而我的损失是：{'loss': 6.3995182e-09, 'global_step': 1000}

import tensorflow as tf
# NumPy is often used to load, manipulate and preprocess data.
import numpy as np

# Declare list of features. We only have one real-valued feature. There are many
# other types of columns that are more complicated and useful.
features = [tf.contrib.layers.real_valued_column("x", dimension=1)]

# An estimator is the front end to invoke training (fitting) and evaluation
# (inference). There are many predefined types like linear regression,
# logistic regression, linear classification, logistic classification, and
# many neural network classifiers and regressors. The following code
# provides an estimator that does linear regression.
estimator = tf.contrib.learn.LinearRegressor(feature_columns=features)

# TensorFlow provides many helper methods to read and set up data sets.
# Here we use `numpy_input_fn`. We have to tell the function how many batches
# of data (num_epochs) we want and how big each batch should be.
x = np.array([1., 2., 3., 4.])
y = np.array([0., -1., -2., -3.])
input_fn = tf.contrib.learn.io.numpy_input_fn({"x":x}, y, batch_size=4,
                                              num_epochs=1000)

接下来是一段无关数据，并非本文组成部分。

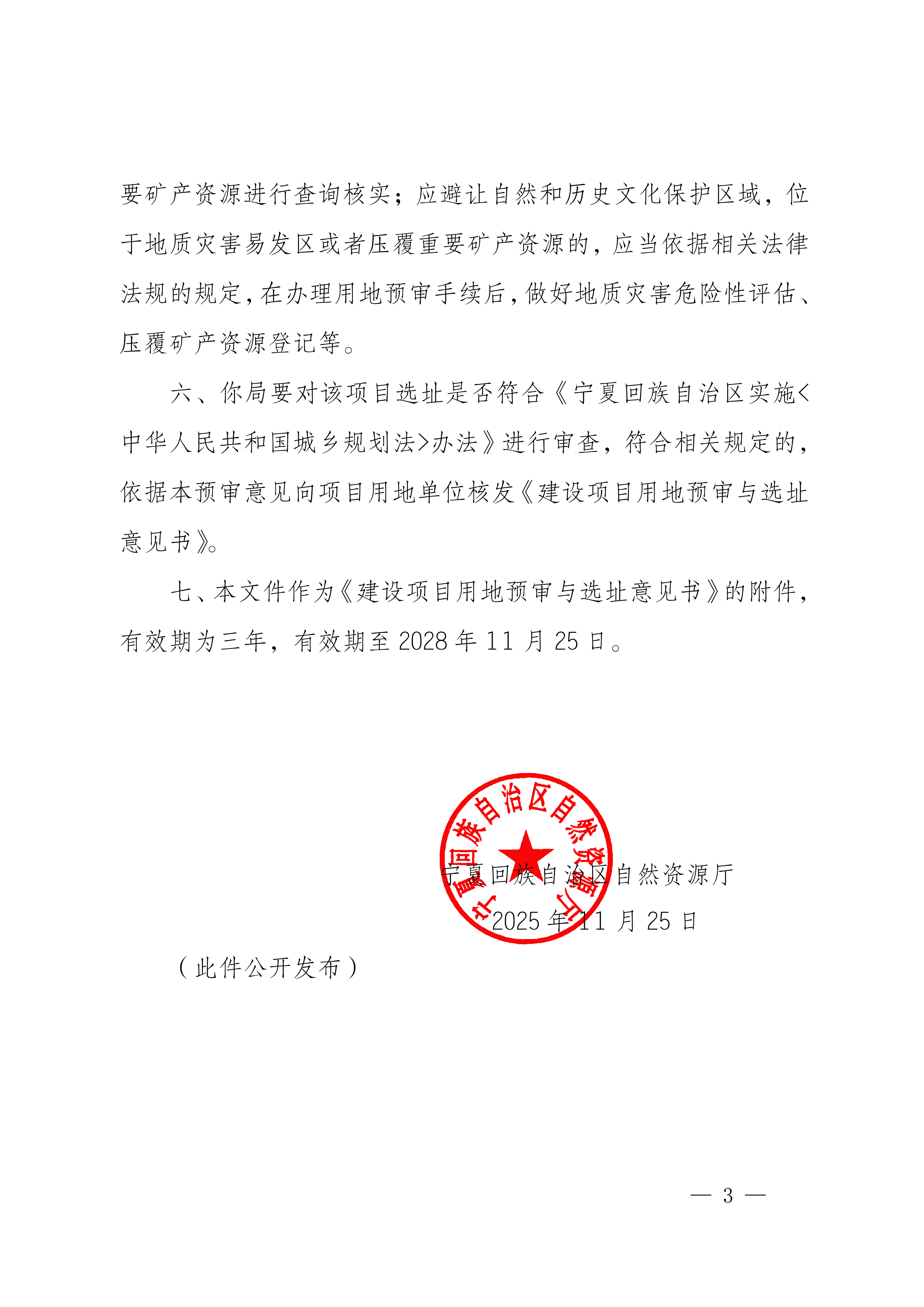 标 题: 宁国运盐池惠安堡100万千瓦风光同场项目330kV输变电工程用地预审与选址意见书公示

# We can invoke 1000 training steps by invoking the `fit` method and passing the
# training data set.
estimator.fit(input_fn=input_fn, steps=1000)

# Here we evaluate how well our model did. In a real example, we would want
# to use a separate validation and testing data set to avoid overfitting.
print(estimator.evaluate(input_fn=input_fn))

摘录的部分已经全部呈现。